# University of Virginia: Intertextuality Detection
This notebook will set all of the parameters you need to run intertextuality detection on a corpus of interest. The code itself, however, is distributed across several different files and you are welcome to take a look at that. Anything that you should change as a matter of course is located in this file.

This suit of code loads in a corpus, identifies all intertextuality according to set parameters and returns several summary visualizations.

### Dependencies
You will need to install the python Levenshtein library for this to function properly. You can do this using
pip install python-Levenshtein

### Caution:
This will run significantly slower on Windows computers because I have disabled multithreading.

## The Program:
First you will need to load in the scripts that will conduct the actual analysis. Just run this cell and do not change anything here. These are required for the analysis to run properly.

In [1]:
import prepare_corpus, index_corpus, detect_intertexuality, compile_and_filter_results, align_quotes, form_quote_system

### Configure the analysis
Here you can specify what constitues a quote. You will can change these values. 
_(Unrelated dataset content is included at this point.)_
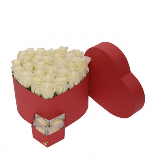 Saflığın simgesi 25 adet beyaz gül, tatlı 8 Fransız makaronu ile özenle yerleştirilmiş bu özel ürün, duygularınızı zarafetle ifade eder. Kalp şeklindeki kutusu ile unutulmaz bir sürpriz sunar.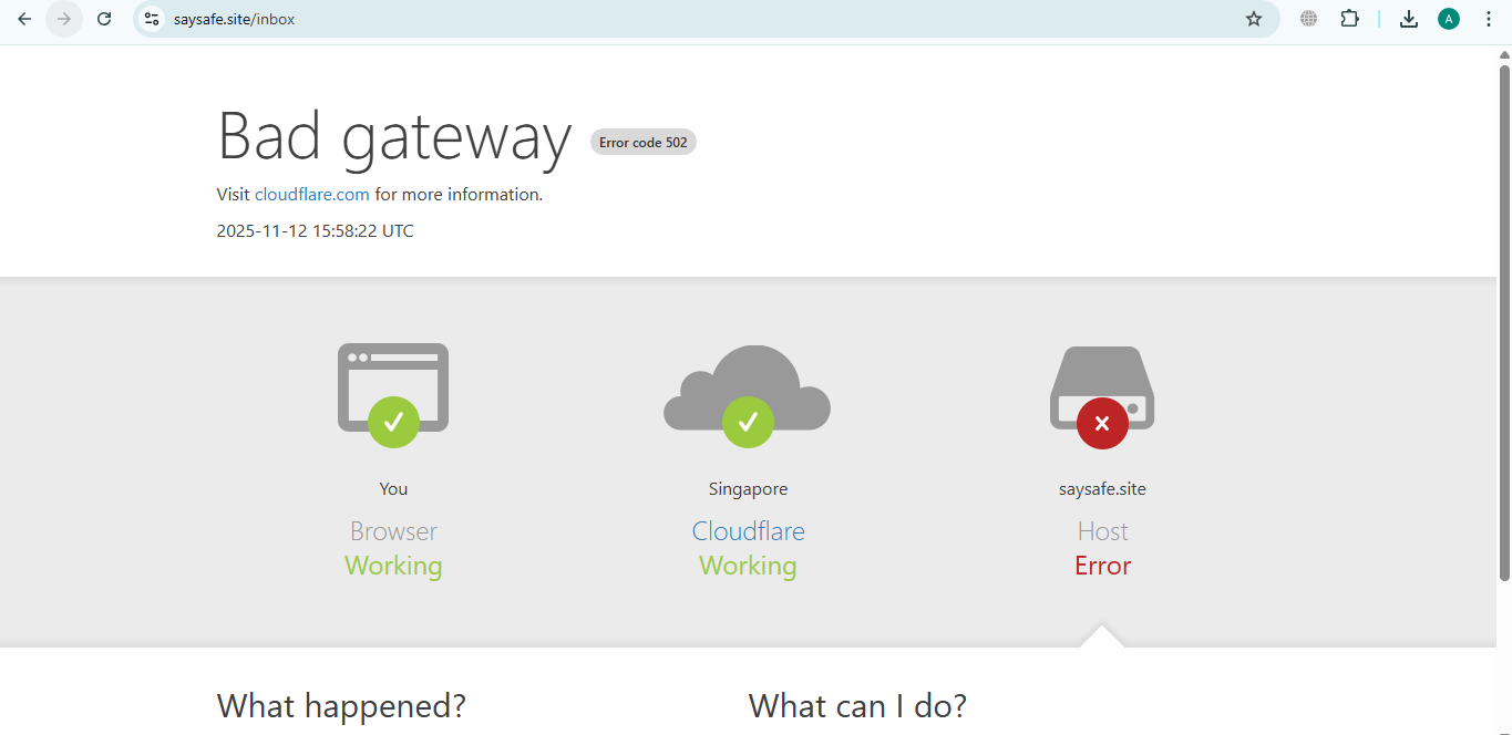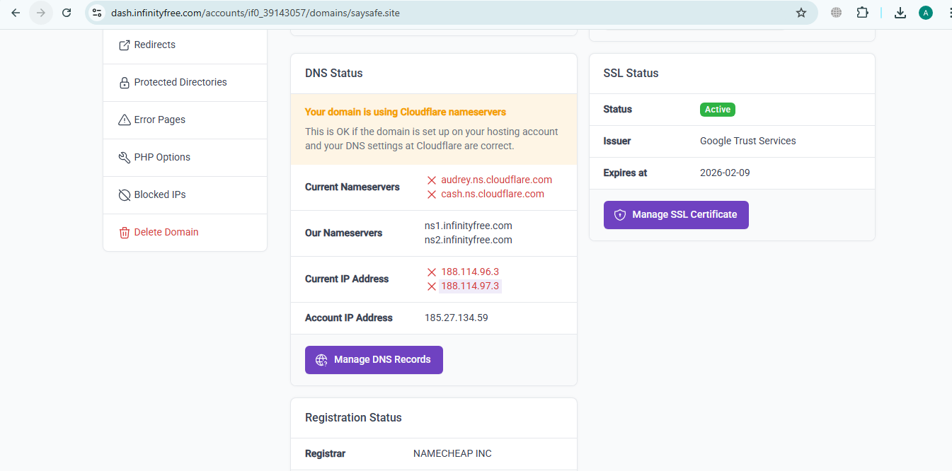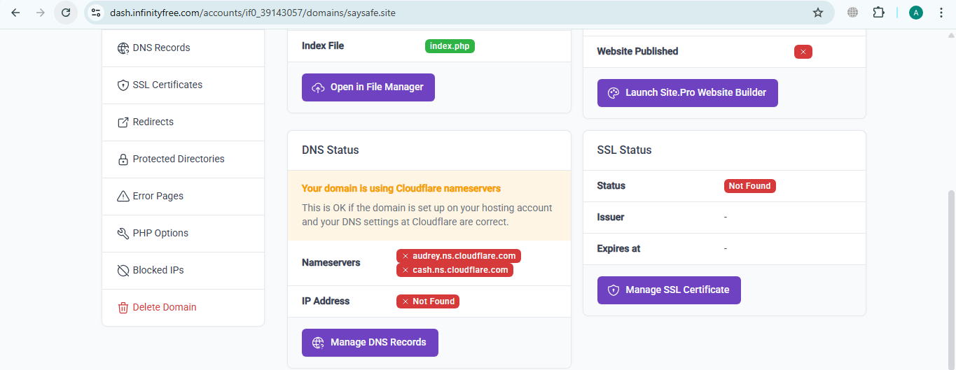 domain is saysafe.site when we connected domain to cloudflare then showing hosting ip adress not found

**seedlength** (Integer) specifies how many characters should be in the seed you will use to start the analysis. Ten seems to work well for English, four for Chinese, but your results may vary.

**threshold** (Float between 1 and 0) specifies the precent similarity necessary to consider something a quote. .95 will return very similar matches, .6 will return very noisy ones.

**matchlength** (Integer) sets the minimum length a string must be to be considered a match. 40 or longer works well for English, otherwise you will catch a lot of meaningless sentence fragments.

**max_comp** (Integer) sets the length of the sliding window of characters to run the algorithm on. The lower the number, the faster the algorithm will run, but please do not set this below 100 (there is no upper limit). Lower numbers will result in more fragmentary results, but the ends will have less noise.

In [2]:
# Set seedlength
seedlength = 10

# Matches must be above this percent similar. Use floats between 0 and 1
# .8 works well for prose Chinese documents. .9 works well for prose
# English
threshold = .95

# Set the minimum length of an acceptable match. The shorter the length
# the more noisy the results are.
matchlength = 20

# Set this to limit the similarity comparison to last n characters
# Set to None for no limit. Setting a limit significantly
# speeds the calculations up.
max_comp = 100

### Corpus Preperation
How do you want to handle the corpus? Do you want to remove words or delete whitespace? You can also create an index to speed up the analysis with large corpora at the expense of disk space.

**toremove** (String, filename) is a file with words to be removed. Put one word per line in this file.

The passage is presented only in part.